Micro-activism is the idea that little acts of compassion and resistance can lead to social change on a larger scale through our daily interactions with each other and ourselves.

Now more than ever is the time for small acts of kindness to highlight our humanity, uphold community, and maintain connections while social distancing.

Tusk engaged our Titan community about what micro-activism means to them and how it can make a world of difference.


RJ Abesamis, sophomore double major in Cinema & Television Arts and Asian American Studies

“I do micro-activism by hearing people out and sharing space. Really listening to a person and giving them room is very validating.”

Dr. Xhercis Méndez, associate professor of Women & Gender Studies and affiliated faculty of African American Studies

“I enact micro-activism through what I teach by setting up my syllabi to ensure students have access to work by scholars and activists of color and by trans and gender non-conforming queer folks. So I don’t continue to reiterate an understanding of knowledge as only white and Western.”

Alysia Batchelder, sexual health educator and owner of Pink Kitty

“For me, micro-activism is about getting information out and making sex a topic we can talk about. One of the biggest problems with our culture is that we’re told we’re not supposed to talk about sex. Not talking about it is what creates all the problems.” 

Victoria Centeno, senior History major

“I was raised in a very conservative family. I think my very existence as bisexual in my household is a form of micro-activism because I’m trying to exist as who I am and not what they want me to be.”
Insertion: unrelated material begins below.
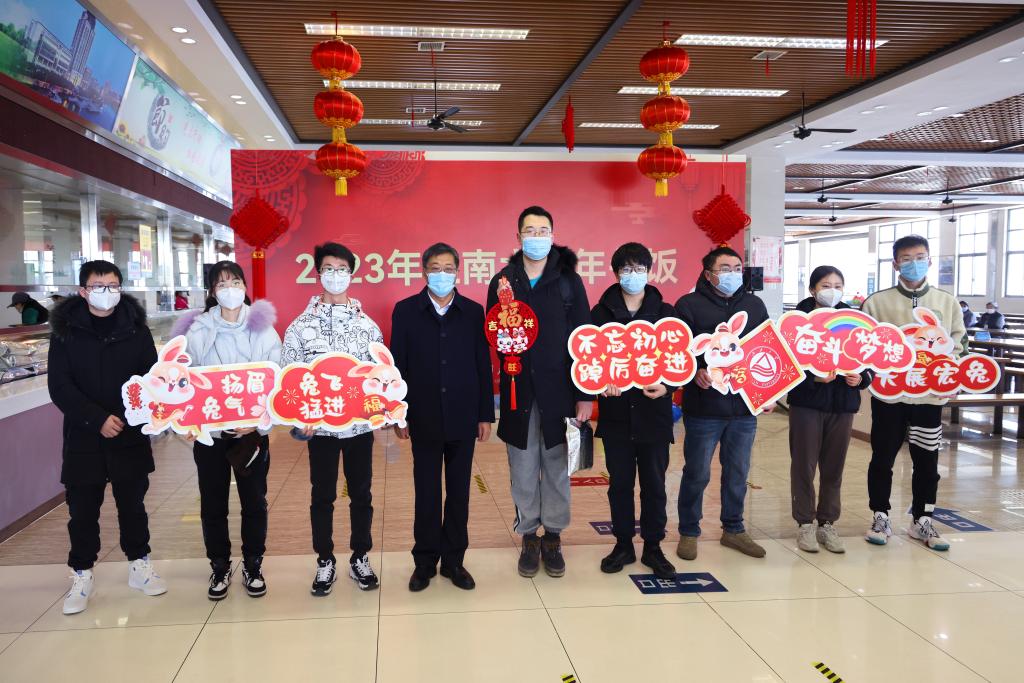 一片喜庆祥和的气氛中,校领导们与留校学生们亲切交流,畅聊各地春节习俗,畅叙明日未来期盼。他们细细叮嘱同学们要多参加体育锻炼和集体活动、加强身心健康管理、多与家人朋友沟通交流;亲切勉励同学们要珍惜大好时光,少年辛苦终身事,莫向光阴惰寸功;督促学校要为留校师生做好后勤保障和人文关怀,保证留校师生在学校同样也能感受到年味、感受到温情。欢声笑语中,大家高举学校特别定制的印有“大展宏‘兔’”“‘兔’飞猛进”“征途漫漫惟有奋斗”等新年祝福语的手牌合影留念。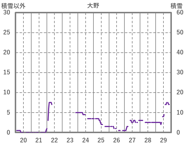 | 日 | 時 | 気温 | 降水 | 風向/風速 | 日照 | 積雪 | 降雪 |

Dina Bdaiwi, second year graduate student in Counseling and Clinical Mental Health

“My micro-activism is calling people in instead of calling people out, so with more compassion. I bring up topics of gender, race, and sexual orientation in my classes, and I use my assignments to call in different experiences and ideas to things I want to see changed.”
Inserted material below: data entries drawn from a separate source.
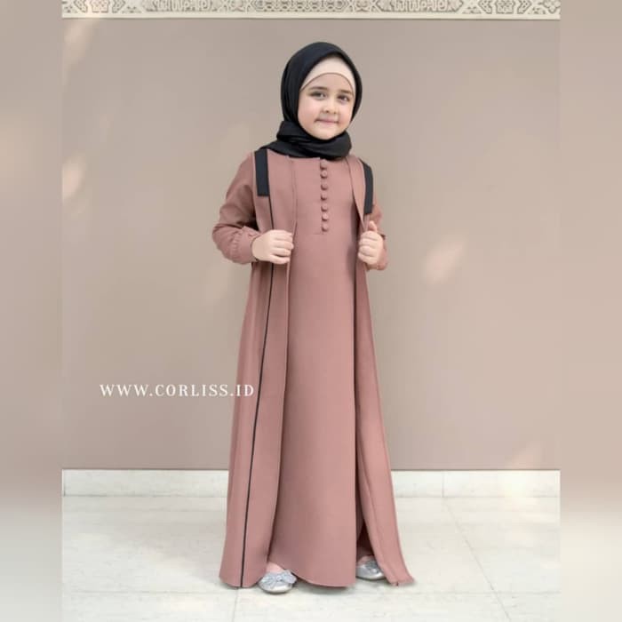Gamis anak remaja tanggung smp sma anak pondok rompi nyatu set cardi.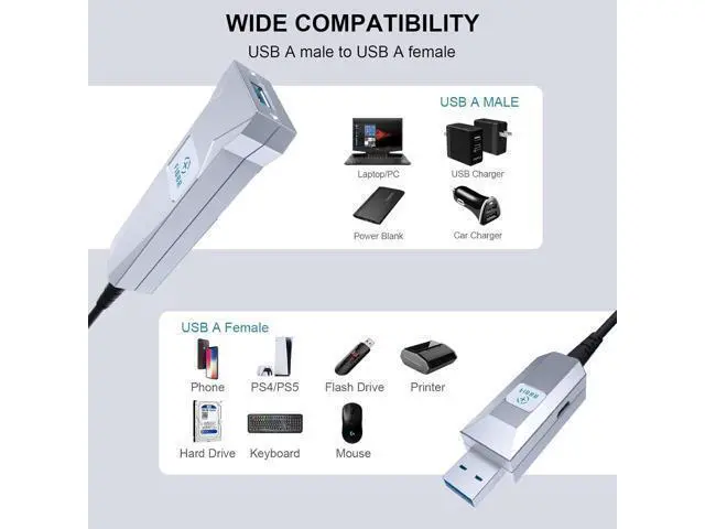 EXTENSION CABLE FOR ENGINEERING: This extra long fiber optic USB 3.0 extension cable supports data transfer rates up to 5Gbps - 10 times faster than USB 2.0 cables. You can extend the device to a more convenient location to connect another USB device, plug and play, no drivers required.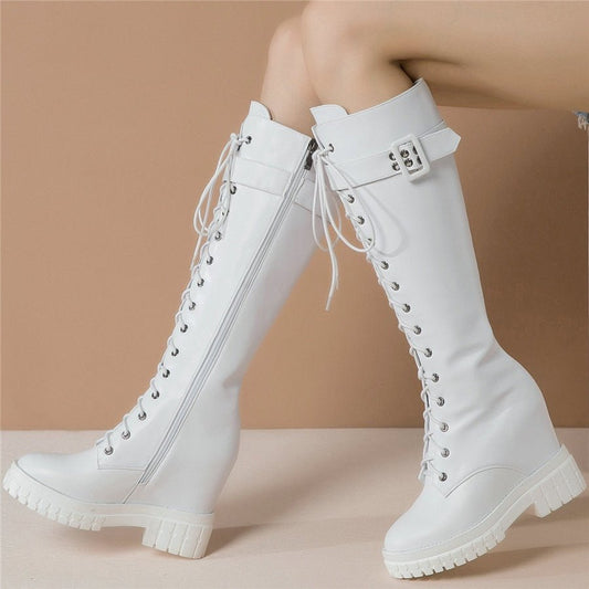 Knee High Military Boots Female Back Lace Up Round Toe Platform Pumps Shoes
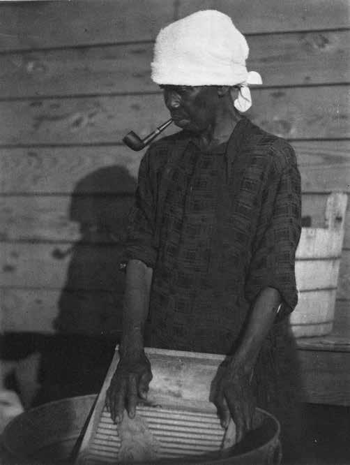 A woman wearing a darkly patterned dress and white turban smokes a pipe as she washes with a scrub board. Her shadow projects onto the unpainted clapboard wall behind her. A wooden pail on the table can be partially seen.

Steven Duran, fifth year, double major in English and Women & Gender Studies and a minor in Queer Studies

“One way I try to create social change is through improving the way I communicate. By continuing to learn and changing our language to use it more effectively and inclusively, we’re able to start discussions and share ideas that can lead to action.”

Evelin Franco, graduate student at the WoMen’s & Adult Reentry Center and an American Studies major

“Working in a center run by women that prioritizes the needs of women feels like a fuck you to the partiarchy. That’s how I do micro-activism.”

Mia Blue, second year Sociology major 

“I do things like waving or smiling to make someone’s day better. I’m very shy and anxious, and I tend to overthink, so I take that into consideration with other people and how they feel, too.” 

J. Jesus Rojas, fifth year triple major in Chicano studies, Spanish, and Linguistics, desk student lead for the Diversity Initiatives & Resource Centers

“I do micro-activism in my work by introducing underrepresented students to folks of color in positions of power and through opportunities to work with professionals in their communities. This empowers them to see their identity as something that can propel their future.”

Andrew Binnings, fourth year Finance major

“Simple ways of doing micro-activism would be remembering to say ‘please’ and ‘thank you’ to the cashier or standing up for people who need it. Micro-activism is really effective because little things can go a long way for individuals in a time of need.”